Mit Mutmassungen wuchern
Kriegsparteien werfen einander naturgemäss Desinformationsmanöver vor. Wie ein anderer Psychoanalytiker – Sigmund Freud – schreibt, monopolisiert der Staat im Krieg das Recht auf Gewalt und Lüge. Er «fordert das Äusserste an Gehorsam und Aufopferung von seinen Bürgern, entmündigt sie aber dabei durch ein Übermass von Verheimlichung (…), welche die Stimmung der intellektuell so Unterdrückten wehrlos macht gegen (…) jedes wüste Gerücht». Wie soll sich die Kriegsberichterstattung verhalten? Wenn man schon nichts Genaues weiss, kann man immerhin mit Mutmassungen wuchern. Man bleibt in diesem Sinn «neutral». Aber Informationen im Mutmassungsmodus tragen zur Ungewissheitslage von uns Nicht-Kombattanten bei. Und vor allem dann, wenn die Informationen sich als falsch erweisen – was jederzeit der Fall sein kann –, setzen die Medien ihre Vertrauenswürdigkeit aufs Spiel. Das ständige Bombardement durch News von der Kriegsfront stumpft ab. «Russisches Militär meldet Tötung von 360 ukrainischen Soldaten», «Russische Raketen treffen Selenskis Heimatstadt» – «Gerüchte» unter anderen? Man will schon gar nichts mehr hören. Es gibt auch eine Betroffenheitserschöpfung.
Nachrichtendiät als Gebot der Stunde
Soll man also keine Nachrichten mehr hören?
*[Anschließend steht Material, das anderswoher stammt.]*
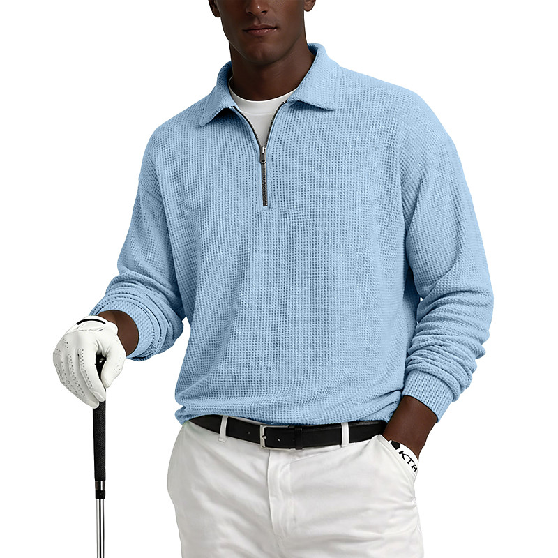 Men's Waffle Polo Shirts Textured Casual Quarter Zip Long Sleeve Fashion Modern Solid Color Plain Knitted Spring Spring Fall All Seasons Regular Fit Light Green Navy Blue Grey Light Blue Waffle

Natürlich nicht! Aber eine Lektion des grossen Kriegstheoretikers Clausewitz wäre zu beherzigen: Nirgendwann sind die Ereignisse unvorhersehbarer als in Kriegszeiten: «Ein grosser Teil der Nachrichten, die man im Kriege bekommt, ist widersprüchlich, ein noch grösserer Teil ist falsch und bei weitem der grösste einer ziemlichen Ungewissheit unterworfen. Was man hier vom Offizier fordern kann, ist ein gewisses Unterscheiden, was nur Sach- und Menschenkenntnis und Urteil geben können.»
Auch von uns Nicht-Kombattanten wäre ein solches Unterscheidungs- und Urteilsvermögen gefordert. Woran aber sollen wir dieses Vermögen wetzen, wenn die Faktenlage ungewiss ist? Zur Ungewissheit trägt nicht ein Mangel an Information bei, sondern ein Übermass. Krieg verunklärt alles. Gerade die Berichterstattung. Sie ist die Fortsetzung des Kriegs mit anderen Mitteln. Es gibt, anders gesagt, zwei Kriege: den realen und den medialen. Zum Beenden des realen können wir traurigerweise wenig beitragen. Mehr dagegen zum Beenden des medialen. Letzterer – inklusive Verschwörungstheorien – gedeiht auf den Gerüchten wie Saprophyten auf dem Kot. Die tägliche Überdosis an Information richtet uns ab zu überreizten, «ver-twitterten» News-Allesfresssern. Womit wir an den Anfang zurückgekehrt sind, zum Motto «More Coverage». Nachrichtendiät wäre das Gebot der Stunde. Ziemlich sicher ein ungehörtes.